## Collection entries
--------------------------------

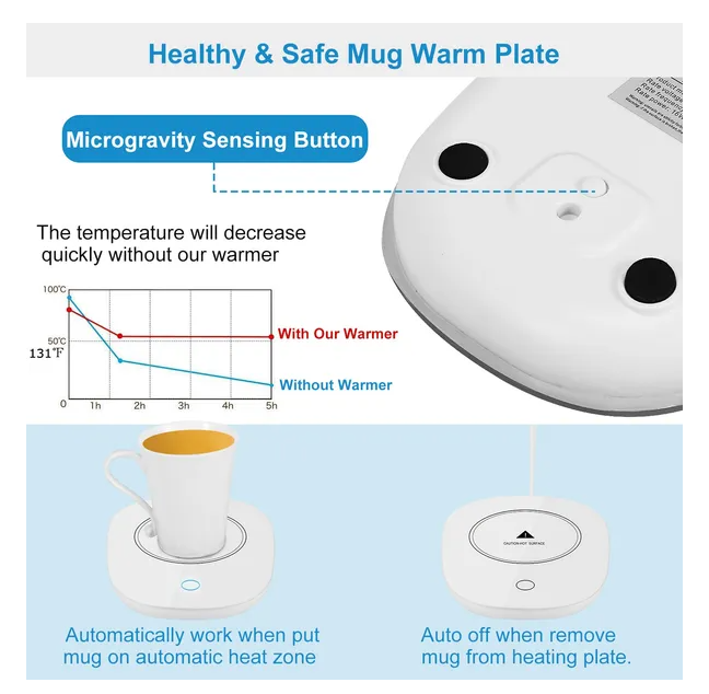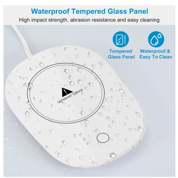 **SAFE & LOW POWER CONSUMPTION*:Come with 4 non-skid feet at the bottom to help support your mug and prevent spills. 16W low power consumption and excellent heat focusing,adopts waterproof tempered glass which allows it to evenly warm beverages while remaining safe and stable.
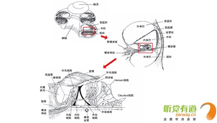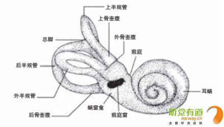 內耳或稱迷路,分為三個部分:半規管、前庭和耳蝸,負責聽覺的是耳蝸部分,外有骨殼,名骨迷路。耳蝸,顧名思義,像蝸牛殼一樣,耳蝸旋繞2.5~2.75圈。骨迷路的內壁被骨性螺旋板分成三部分,這三部分組成了三個錐形管腔(階),外面兩層含有淋巴液,頂部是前庭階,底部是鼓階,中間較小的三角形管腔是中階,又叫膜迷路,其中含有聽神經末梢分支。
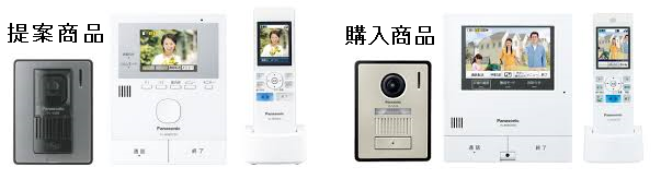 提案されたドアフォンを電気量販店で現物確認したところ、画面が小さいこと現状の外付け呼び出しフォンの取付位置が低いので広角レンズ仕様でないと訪問者の顔がわからないのではと思い、上位機種(VL-SWD505KF)をネットで36,000円で購入しました。
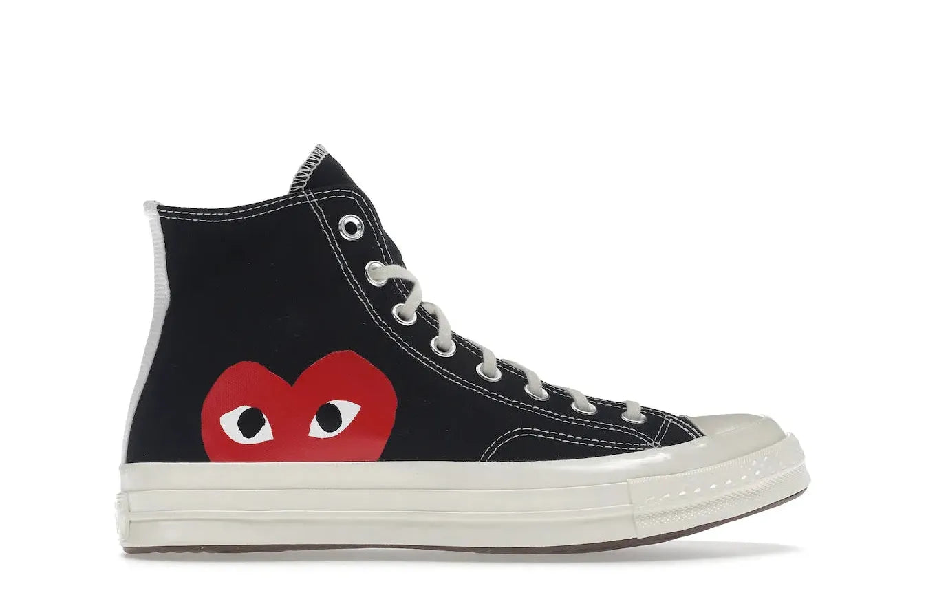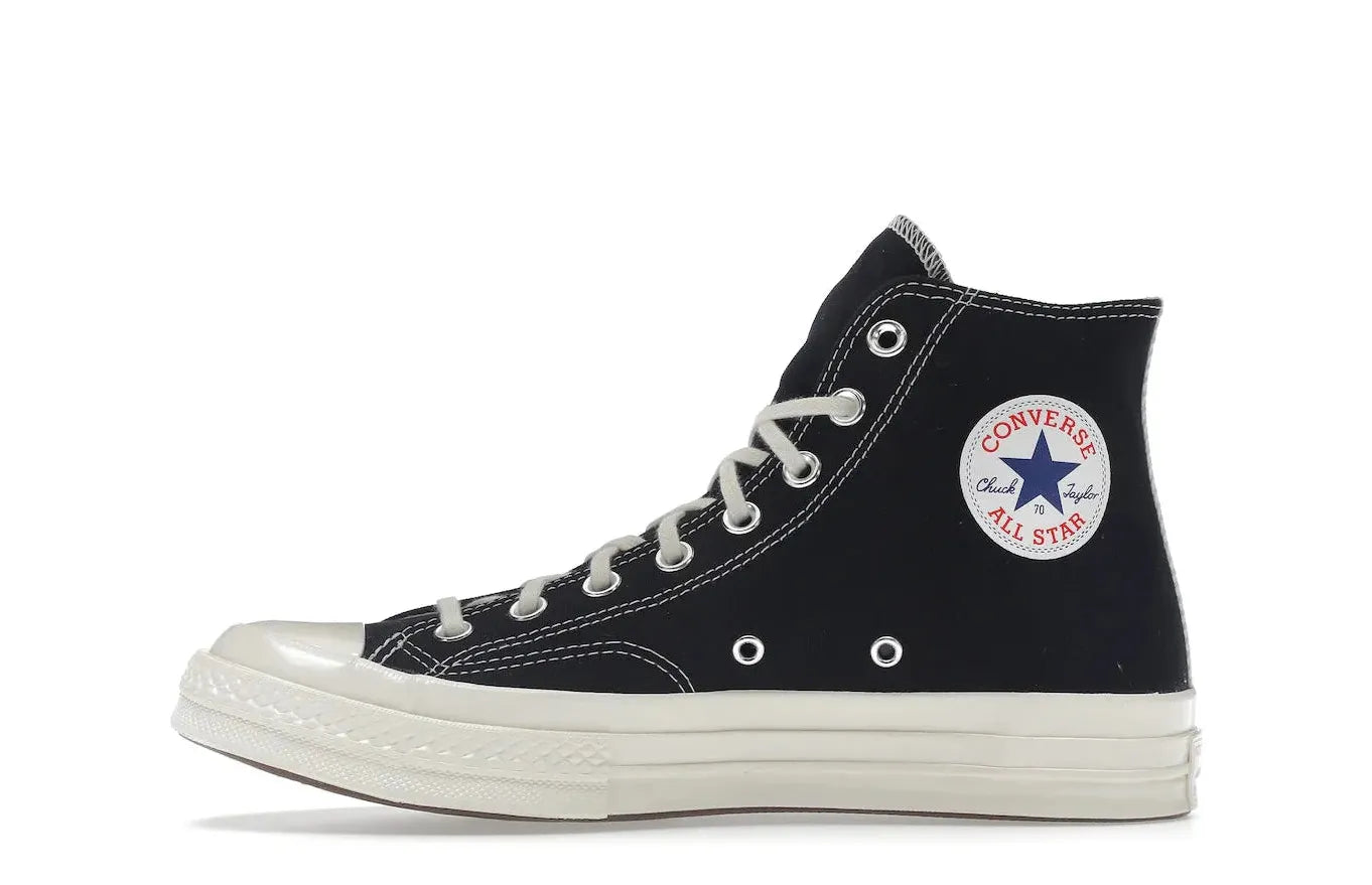 Relace takes pleasure in offering this latest release - the Converse Chuck Taylor All-Star 70s Hi Comme des Garçons PLAY Black. This innovative sneaker enhances your attire with its snug ankle-hugging high-top collar, and a harmonious blend of black and white tones. Explore and experience high-end, comfortable, and current trends in sneaker fashion at Relace.
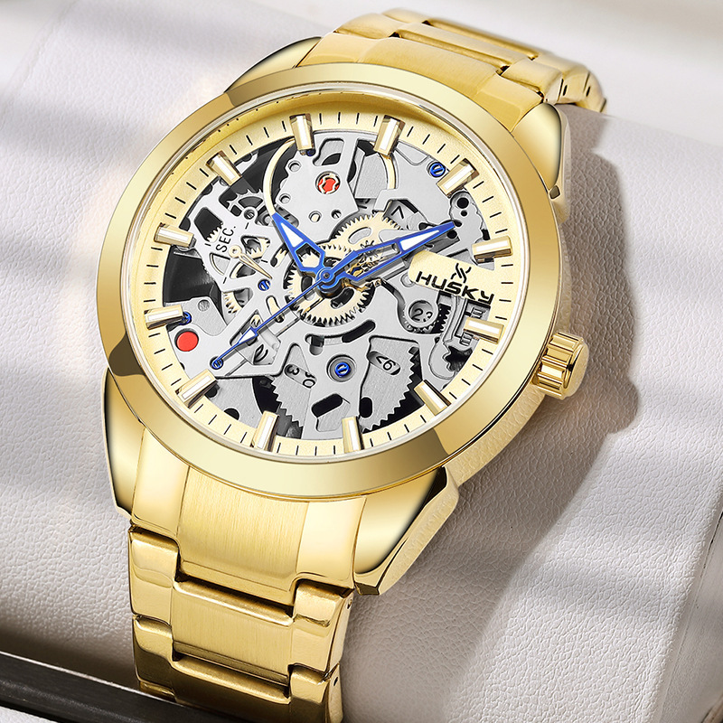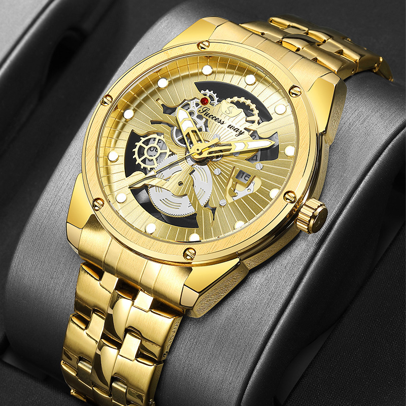 外国貿易の人気は機械の腕時計の両面の透かし彫りのファッションの潮流の男性のビジネスの鋼帯のカレンダーの腕時計をまねます。
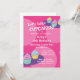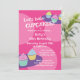 Convites de festas de aniversários de panificação de cupcake. Modelo divertida com cupcakes coloridos. Personalize com o nome da criança e o dia de celebração. Design com cor de fundo rosa ou personalizada.
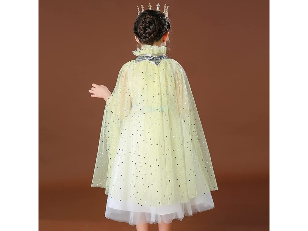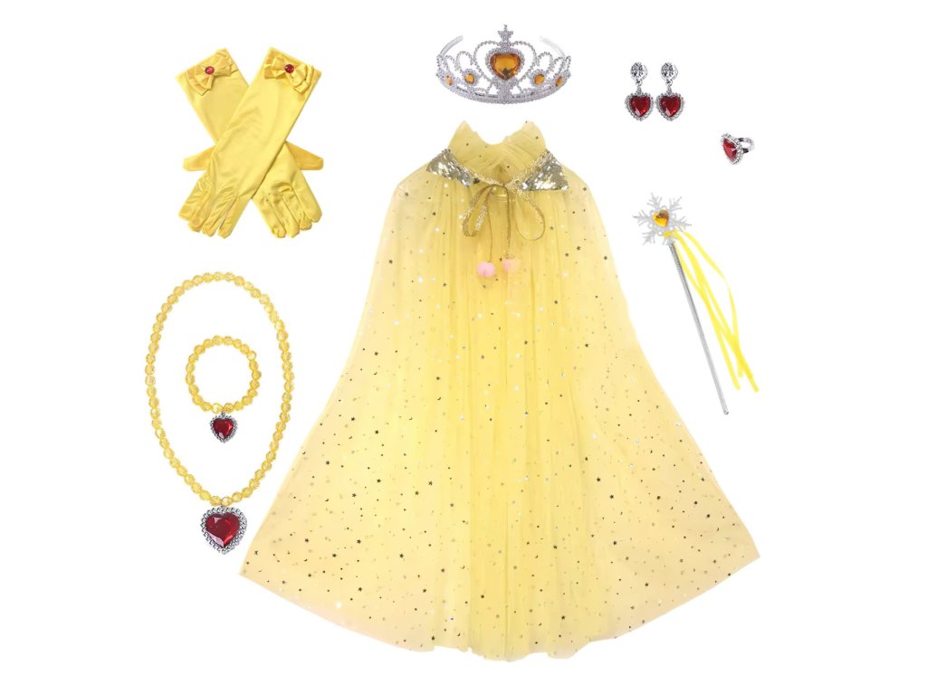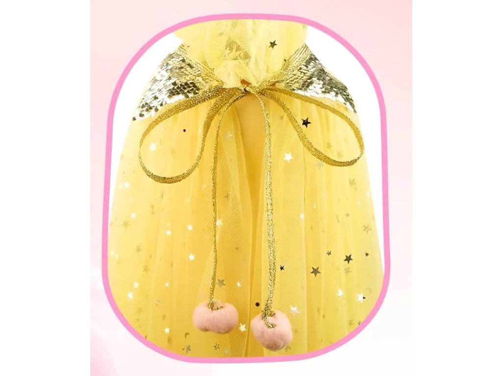 Premeníte sa na očarujúcu princeznú s touto nádhernou súpravou, ktorá obsahuje žltý plášť, korunku, kúzelnú paličku, rukavice a súpravu šperkov. Žiarivo žltý plášť je vyrobený z ľahkého, priedušného tylu posiateho trblietavými flitrami, ktoré pri každom pohybe krásne odrážajú svetlo. Zaväzovanie na šnúrku umožňuje jednoduché obliekanie a pohodlné nosenie.
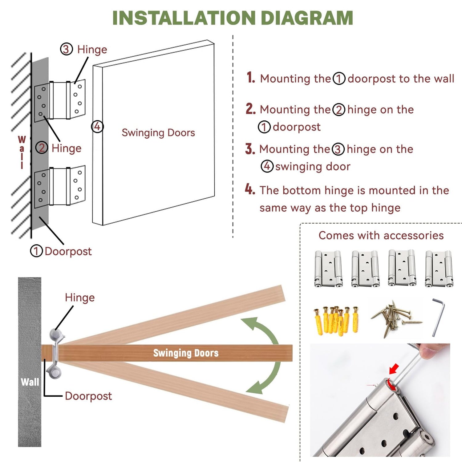• Bi-directional Hinges:The cafe swinging doors are equipped with 4 high-quality stainless steel bi-directional hinges, which support the door to swing flexibly in both directions for smoother opening and closing. The hinge gears can adjust the swinging speed, providing better operating experience and flexibility, convenient to adapt to different space requirements.
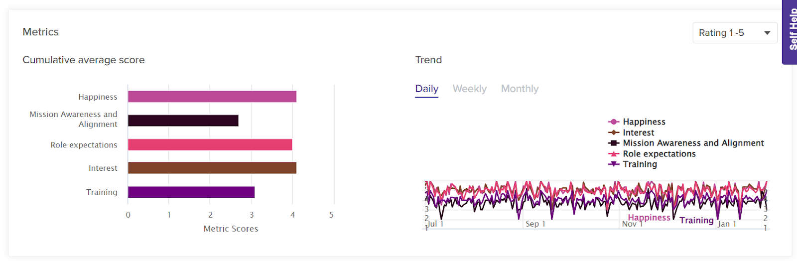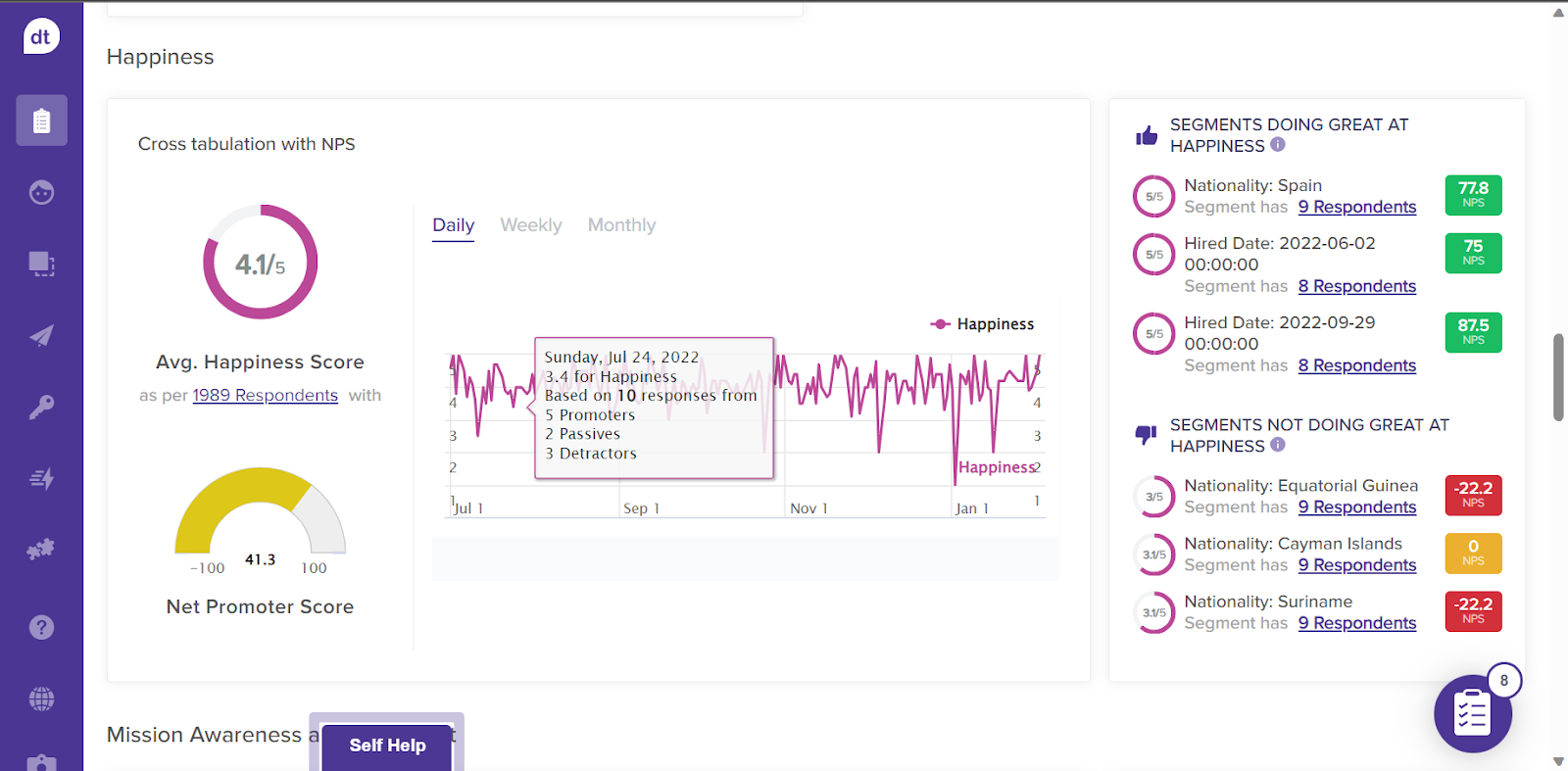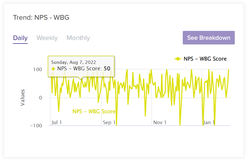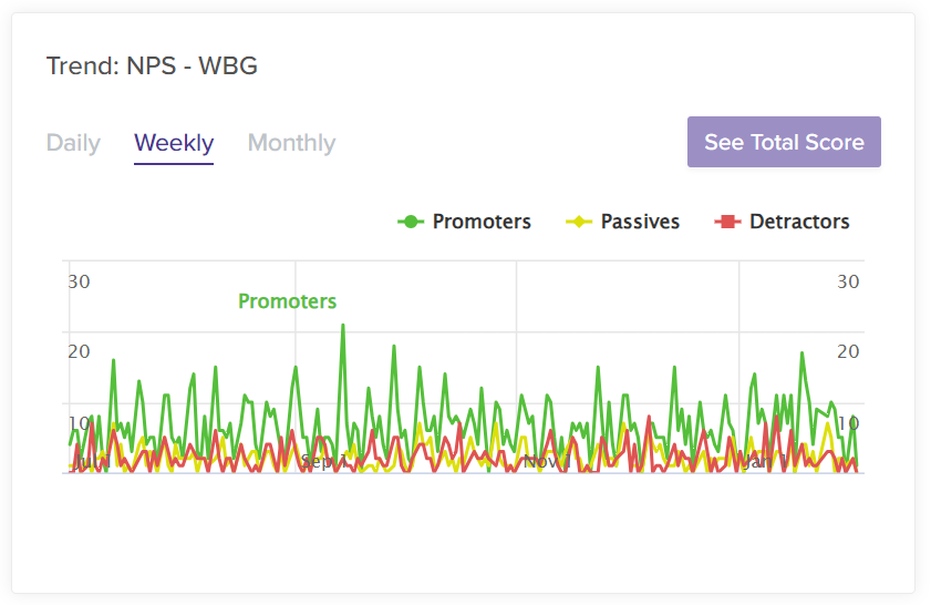 Promoters/Passives/Detractors Breakdown Fetch data on NPS trends Daily/Weekly/Monthly. |

--------------------------------

## WHAT YOU NEED TO DO
The records are to be returned word for word, without any of their pictures.

## REPLY TO THE TASK
 **SAFE & LOW POWER CONSUMPTION*:Come with 4 non-skid feet at the bottom to help support your mug and prevent spills. 16W low power consumption and excellent heat focusing,adopts waterproof tempered glass which allows it to evenly warm beverages while remaining safe and stable.
 內耳或稱迷路,分為三個部分:半規管、前庭和耳蝸,負責聽覺的是耳蝸部分,外有骨殼,名骨迷路。耳蝸,顧名思義,像蝸牛殼一樣,耳蝸旋繞2.5~2.75圈。骨迷路的內壁被骨性螺旋板分成三部分,這三部分組成了三個錐形管腔(階),外面兩層含有淋巴液,頂部是前庭階,底部是鼓階,中間較小的三角形管腔是中階,又叫膜迷路,其中含有聽神經末梢分支。
 提案されたドアフォンを電気量販店で現物確認したところ、画面が小さいこと現状の外付け呼び出しフォンの取付位置が低いので広角レンズ仕様でないと訪問者の顔がわからないのではと思い、上位機種(VL-SWD505KF)をネットで36,000円で購入しました。
 Relace takes pleasure in offering this latest release - the Converse Chuck Taylor All-Star 70s Hi Comme des Garçons PLAY Black. This innovative sneaker enhances your attire with its snug ankle-hugging high-top collar, and a harmonious blend of black and white tones. Explore and experience high-end, comfortable, and current trends in sneaker fashion at Relace.
 外国貿易の人気は機械の腕時計の両面の透かし彫りのファッションの潮流の男性のビジネスの鋼帯のカレンダーの腕時計をまねます。
 Convites de festas de aniversários de panificação de cupcake. Modelo divertida com cupcakes coloridos. Personalize com o nome da criança e o dia de celebração. Design com cor de fundo rosa ou personalizada.
 Premeníte sa na očarujúcu princeznú s touto nádhernou súpravou, ktorá obsahuje žltý plášť, korunku, kúzelnú paličku, rukavice a súpravu šperkov. Žiarivo žltý plášť je vyrobený z ľahkého, priedušného tylu posiateho trblietavými flitrami, ktoré pri každom pohybe krásne odrážajú svetlo. Zaväzovanie na šnúrku umožňuje jednoduché obliekanie a pohodlné nosenie.
• Bi-directional Hinges:The cafe swinging doors are equipped with 4 high-quality stainless steel bi-directional hinges, which support the door to swing flexibly in both directions for smoother opening and closing. The hinge gears can adjust the swinging speed, providing better operating experience and flexibility, convenient to adapt to different space requirements.
 Promoters/Passives/Detractors Breakdown Fetch data on NPS trends Daily/Weekly/Monthly. |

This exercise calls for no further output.